9 I have taken into account, so far as they are material, the matters laid down for consideration under ss 192(2) and 38(6) of the EA. It was pressed upon me by Mr Cotman that the cross examination would in some manner be unfair or prejudicial to both the witness and to Mr Cotman's clients. I cannot see that this is so. As to other considerations, the ambit of the cross examination, it is apparent from what I have set out above, will be small, turning upon the conversation that Mr Potter had with Mr Lamb concerning one conversation that Mr Potter had with Mr Lewis and matters closely associated with those conversations. Bearing in mind that this is the 32nd day of the hearing, it cannot be suggested that any addition to the length of this trial will be undue. The evidence, although in some ways it may be regarded as inconclusive, goes to a matter absolutely central to one of the largest and most hotly contested issues in this trial, namely, whether stock was missing or whether it was not missing in the financial year ended 30 June 1997. It cannot be suggested that it goes to a peripheral issue.
10 It should be added that, whilst I do not discuss in this judgment the ambit of these powers, I bear in mind the provisions of the Rules and the inherent powers of this Court as to the control the Court can exercise over the cross examination even after leave has been given for it.

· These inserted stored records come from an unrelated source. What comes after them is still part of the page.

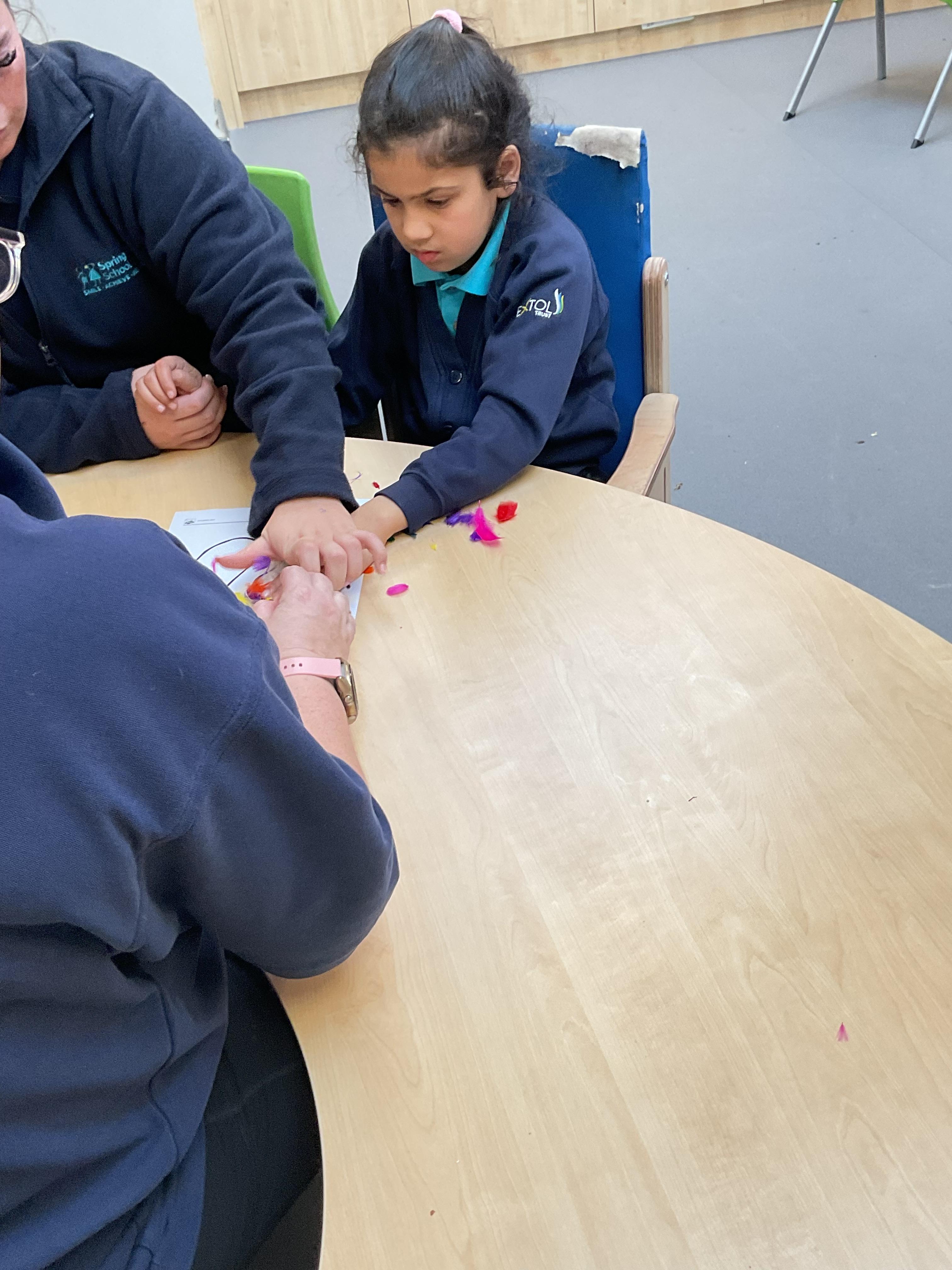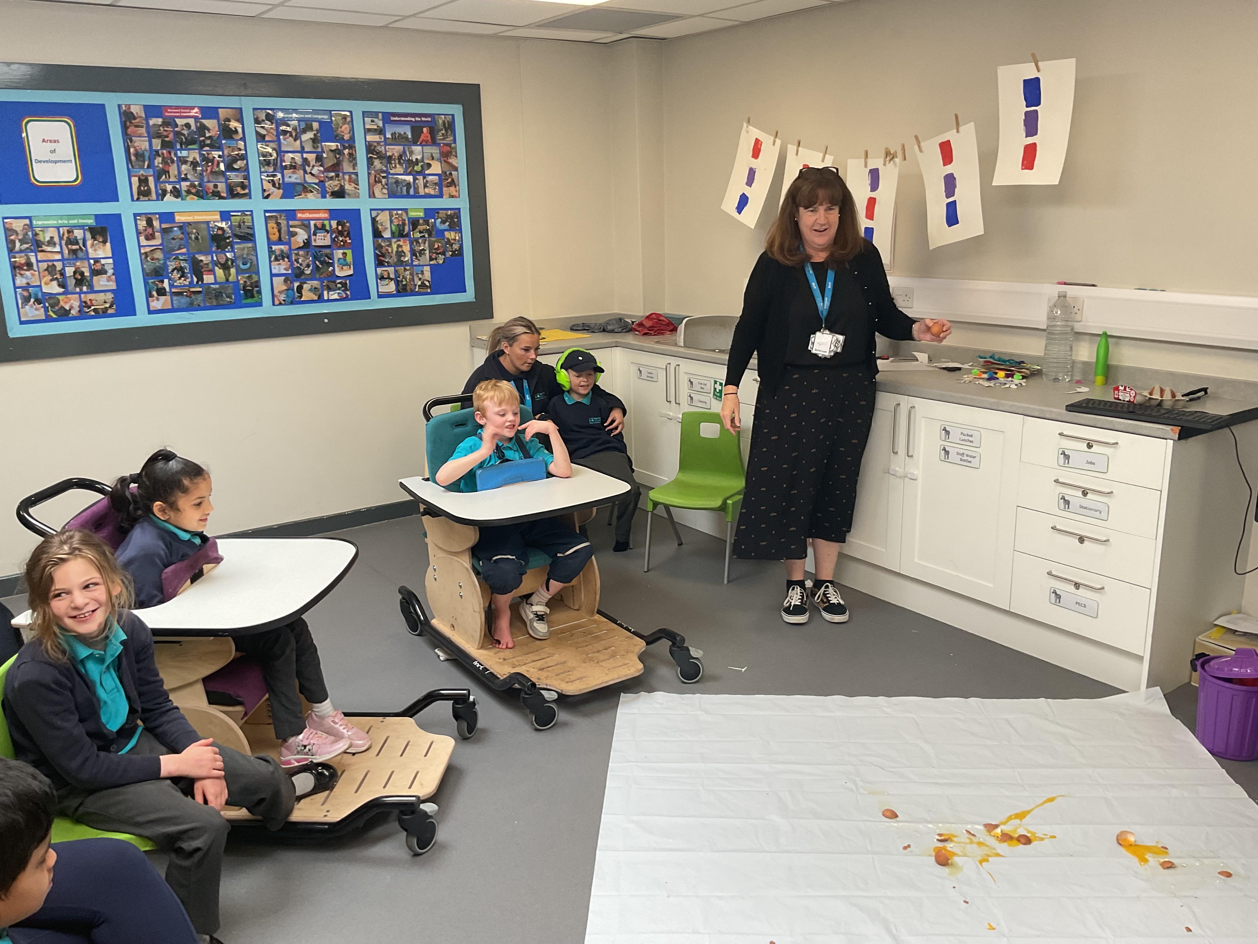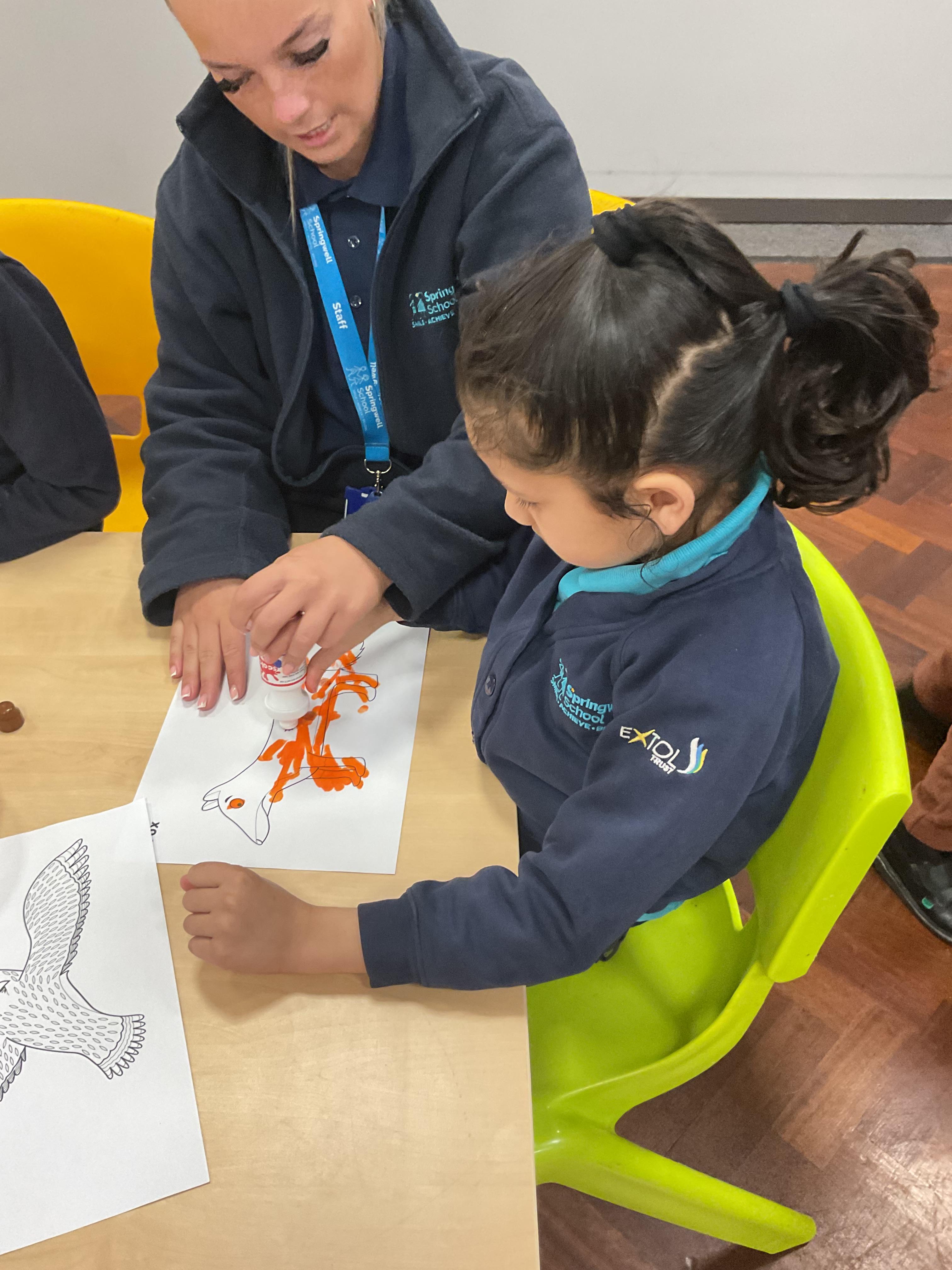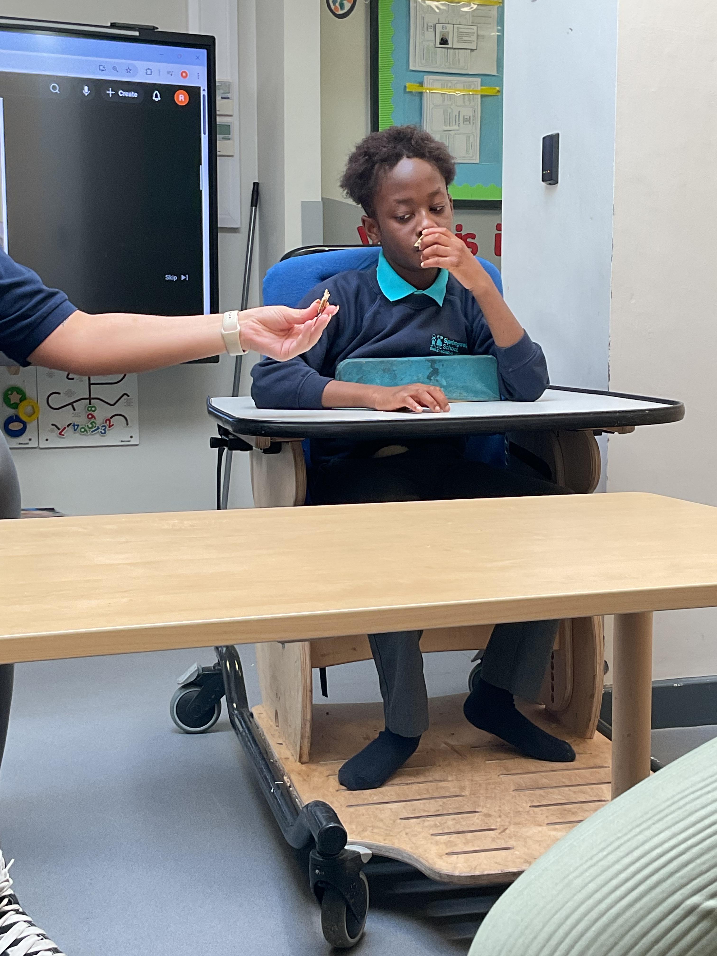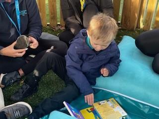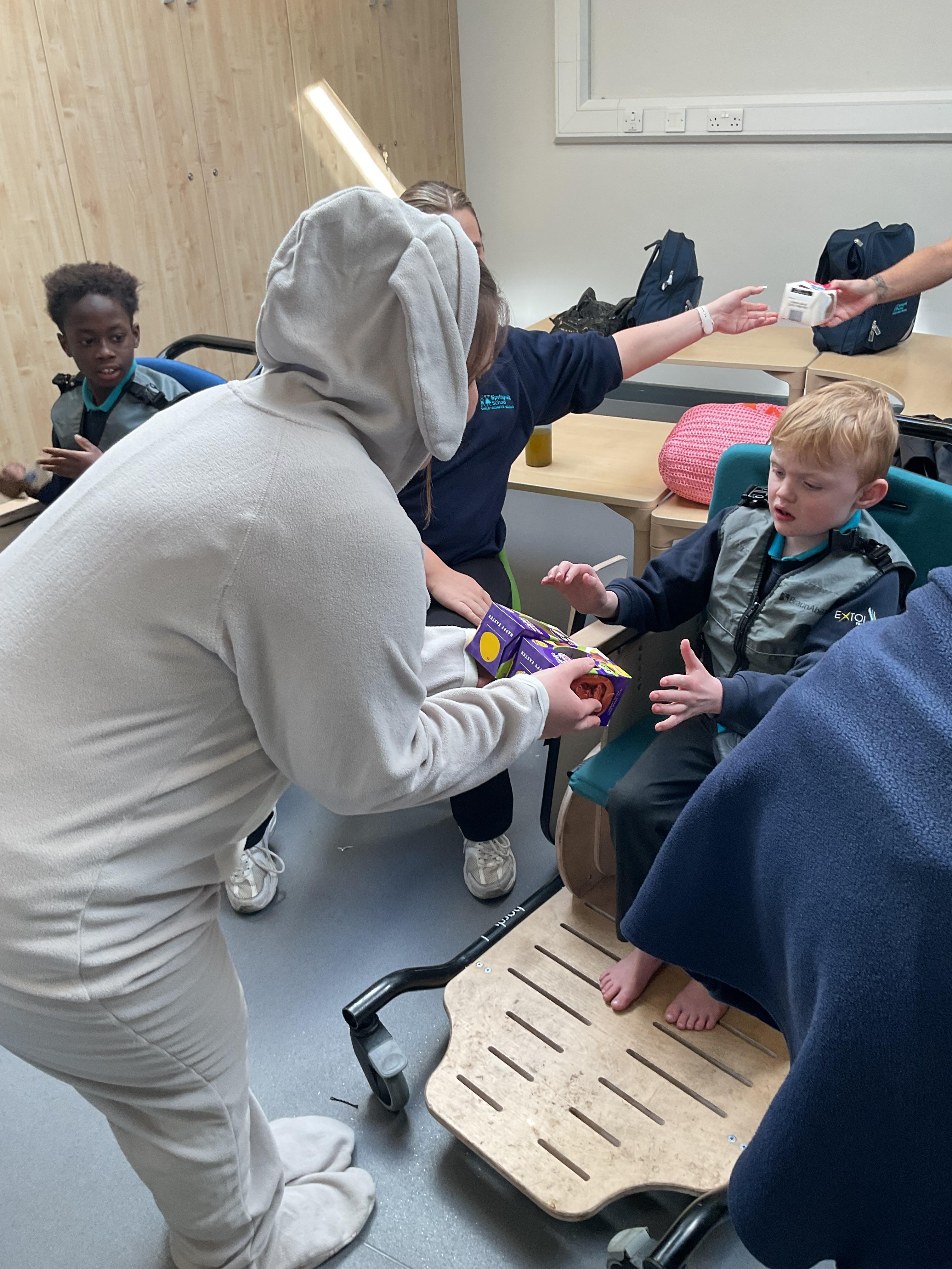 This week was wonderful for the Zebras! We started with art, where children used two different PECs cards to communicate their preferred colour of pen for mark-making. Each child then worked on their fine motor skills by colouring their little uniform character for our new school display. Great job, Zebras! Later, we ventured into the garden for some sensory play, we practised our pouring skills by transferring oats from one cup to another and picking up pasta with tweezers. In maths, we worked on our number recognition by matching the numbers 1-6. In our cooking session, we prepared some delicious and healthy snacks. We began by selecting our favourite fruits and chopping them up. We carefully observed as the yogurt was poured into the tin and then we added the different fruits before freezing the mixture to create fruit ice cream. At snack time, we used PECs symbols to communicate which fruit we wanted to try and it was scrumptious. In literacy, we continued our sensory story “A Train Ride through India”. We engaged with the props, smelt different spices and even listened to the sound of the train. On Thursday, we hopped on the bus to visit Tweddle Farm, where we enjoyed looking at various animals. Our favourite were the chickens! Afterwards, we gathered into the barn to read the story “Chicken Licken”. We finished the week with an exciting but messy attention autism session, where we cracked eggs on the floor and watched a dancing chicken.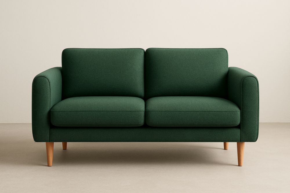 Divano Beige a Due Posti in Tessuto, con Cuscini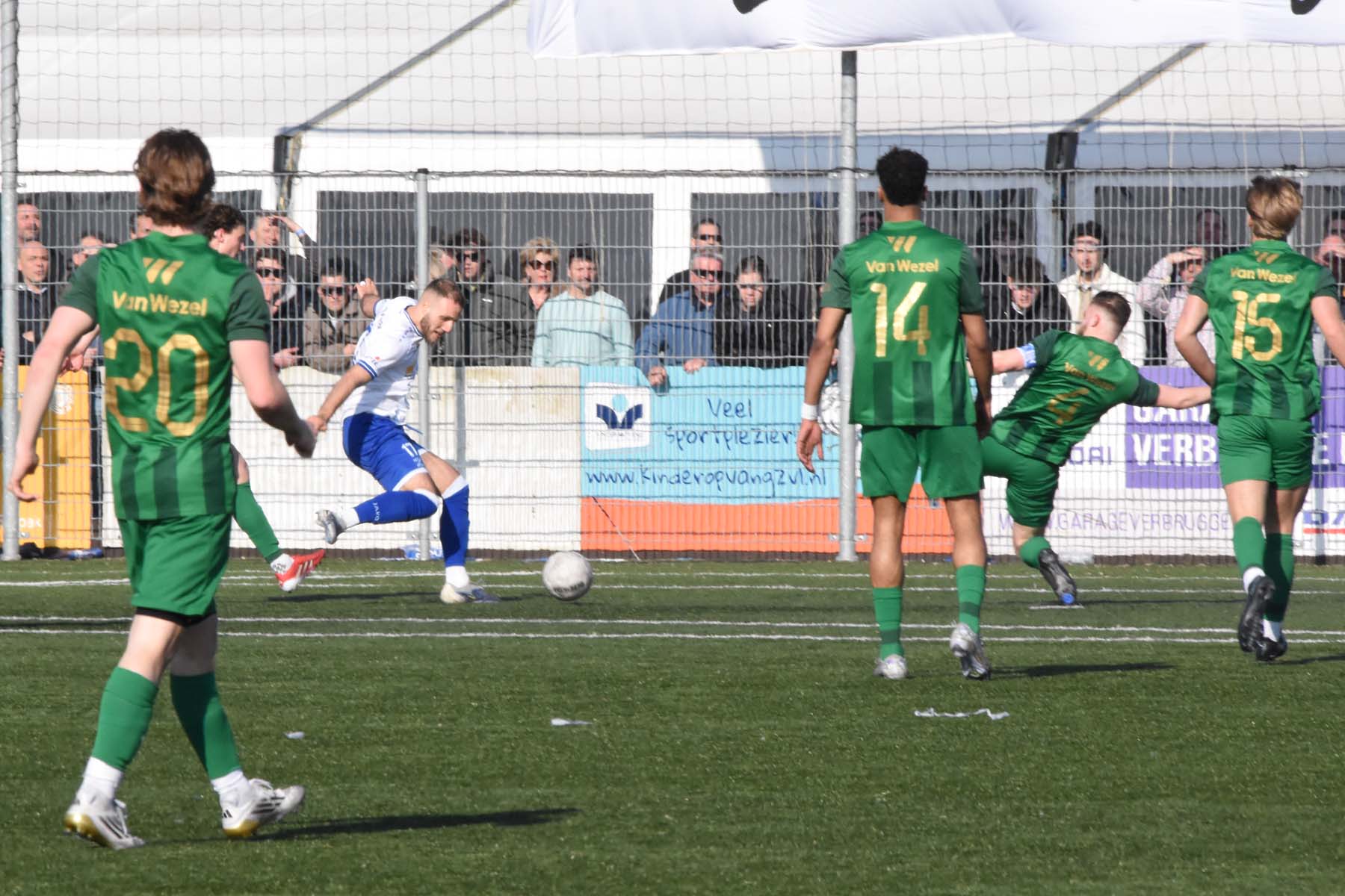 de bal komt voor de voeten van Jarno Lion. Jarno Lion aarzelt niet en haalt uit..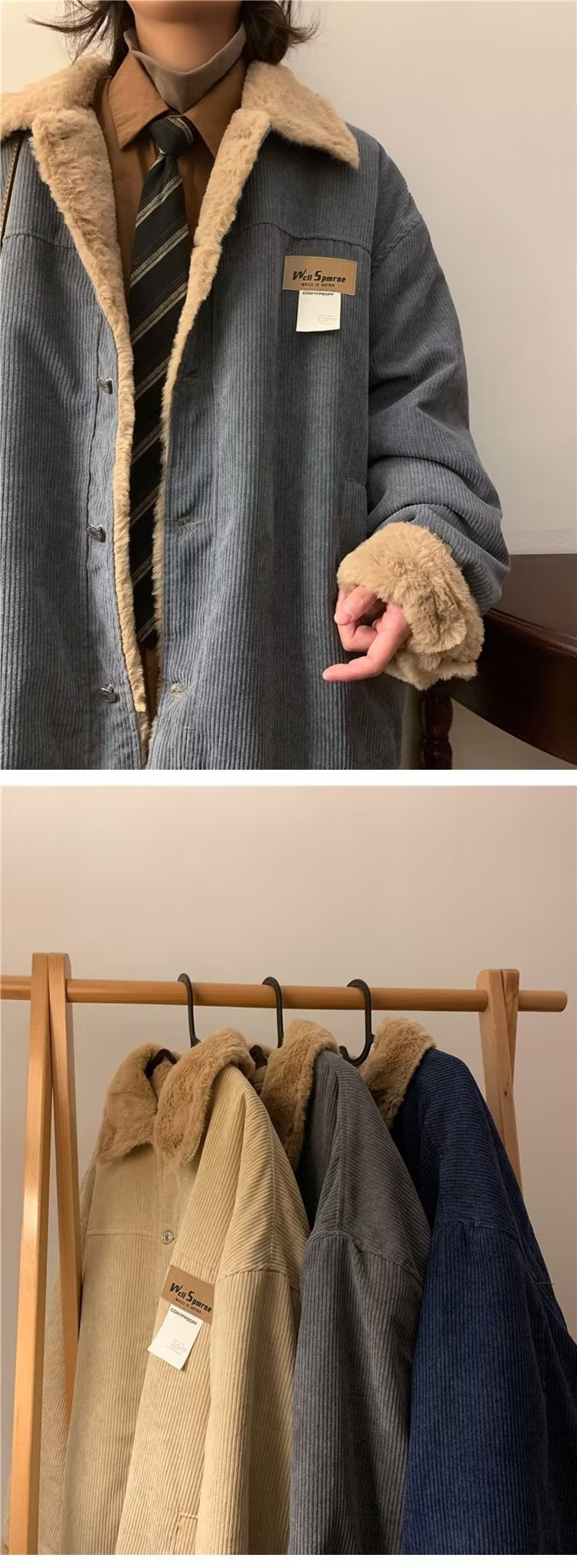 홍콩 스타일 복고풍 코듀로이 코튼 패딩 코트 남성과 여성을위한 겨울 한국 스타일 홍콩 스타일 느슨한 캐주얼 두껍게 된면 패딩 코트 트렌디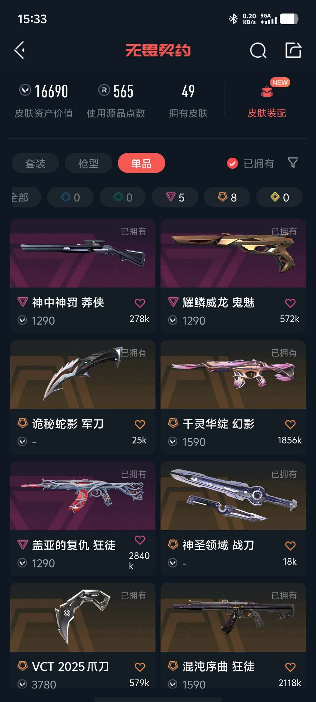 装备描述:VCT爪刀 狂徒:混沌,盖亚,日冕雄狮 莲花幻影 塑水宗正义 离子大狙 耀麟威龙鬼魅 奇点战神 神中神盲侠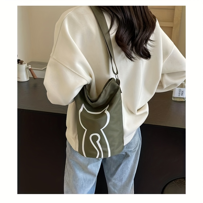 TEMU 대용량 프린트 토트백 - 다용도 여성 숄더 & 핸드백, 가벼운 나일론, 지퍼 클로저, 출퇴근, 여행, 데일리 패션에 완벽 - 그녀를 위한 이상적인 선물|크로스백|토트백
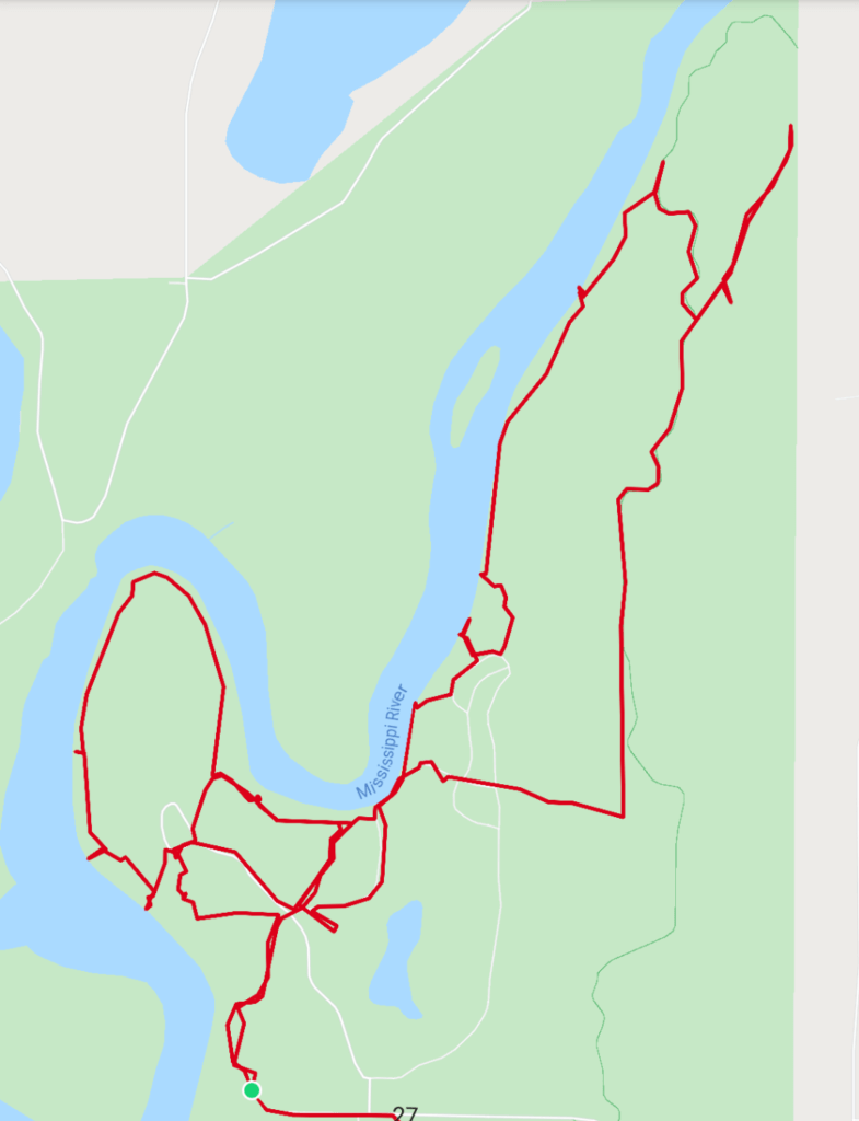 This beautiful view extends upriver a long way. It is called “Chippewa Lookout”. Many of the names and signs here make me wonder how the Ojibwe view this park.

Without going into that, I should state that Mr Motbey has stated that, for the purposes of these proceedings, he does not and will not contest that the Court continues to have power to govern the ambit of that cross examination once permitted.
11 So far as concerns the stage of the proceedings at which the intention to seek leave was announced, it has been quite clear during the course of the proceedings that Lamru desired to pursue this subject matter and it has been specifically indicated quite some time ago that, once Mr Potter indicated a willingness to give evidence, if it were appropriate, depending upon the evidence that he gave, leave would be sought under s 38.
12 The order of the Court will therefore be that Lamru may have leave to question Mr Potter as though it were cross examining him about whether or not he made a prior statement inconsistent with the statements in pars 3 and 4 of his affidavit.